Comment 3 Mark Thomas 2023-02-20 10:33:12 UTC
It might be because 01f2cf25b270a84d0daeefc4f215aa2f56e1df99 also changed the WebSocket implementation to use AsyncIO.
Comment 4 Remy Maucherat 2023-02-20 15:41:35 UTC
Ok, so that makes sense. I checked the code and both read and write can throw this undocumented exception (there are other exceptions but they don't occur, unlike this one apparently).
The easiest is probably going to be to do a try/catch for the whole Nio2OperationState.run and call the completion failure with the exception.
Comment 5 zhougang 2023-02-21 01:37:42 UTC
(In reply to Remy Maucherat from comment #4)
> Ok, so that makes sense. I checked the code and both read and write can
> throw this undocumented exception (there are other exceptions but they don't
> occur, unlike this one apparently).
> The easiest is probably going to be to do a try/catch for the whole
> Nio2OperationState.run and call the completion failure with the exception.

Yes, I did try/finally for the entire Nio2OperationState.run and then the problem did not occur in the test.  But are there any side effects to this modification?  Because we've seen elsewhere that there are isInline methods that do something based on this variable value.
Comment 6 Remy Maucherat 2023-02-27 12:33:21 UTC
I've never seen this exception before, so it is probably not very common. Restoring the state with a try/finally and propagating this very unexpected exception is likely good enough, especially since you were nice enough to test it.
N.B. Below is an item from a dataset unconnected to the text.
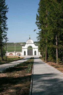 Место расположения обители весьма живописно – лес, холмистые поля, небольшие ручейки, бегущие средь этих полей, озерцо. Монастырь стоит на возвышении в начале большого лесного массива. Обитель находится на месте древней кладбищенской часовни в честь пророка Божия Ильи.

I credited you as zhougang but if you would like something else let me know.

The patch will be in 11M4, 10.1.7, 9.0.73 and 8.5.87.
Comment 7 zhougang 2023-02-28 09:14:31 UTC
(In reply to Remy Maucherat from comment #6)
> I've never seen this exception before, so it is probably not very common.
> Restoring the state with a try/finally and propagating this very unexpected
> exception is likely good enough, especially since you were nice enough to
> test it. I credited you as zhougang but if you would like something else let
> me know.
> 
> The patch will be in 11M4, 10.1.7, 9.0.73 and 8.5.87.

OK. Thanks for your response and quick fix. This exception is very unusual and only occurs when there are many websocket send timeout and frequent attempts to establish connections. And I have no more questions.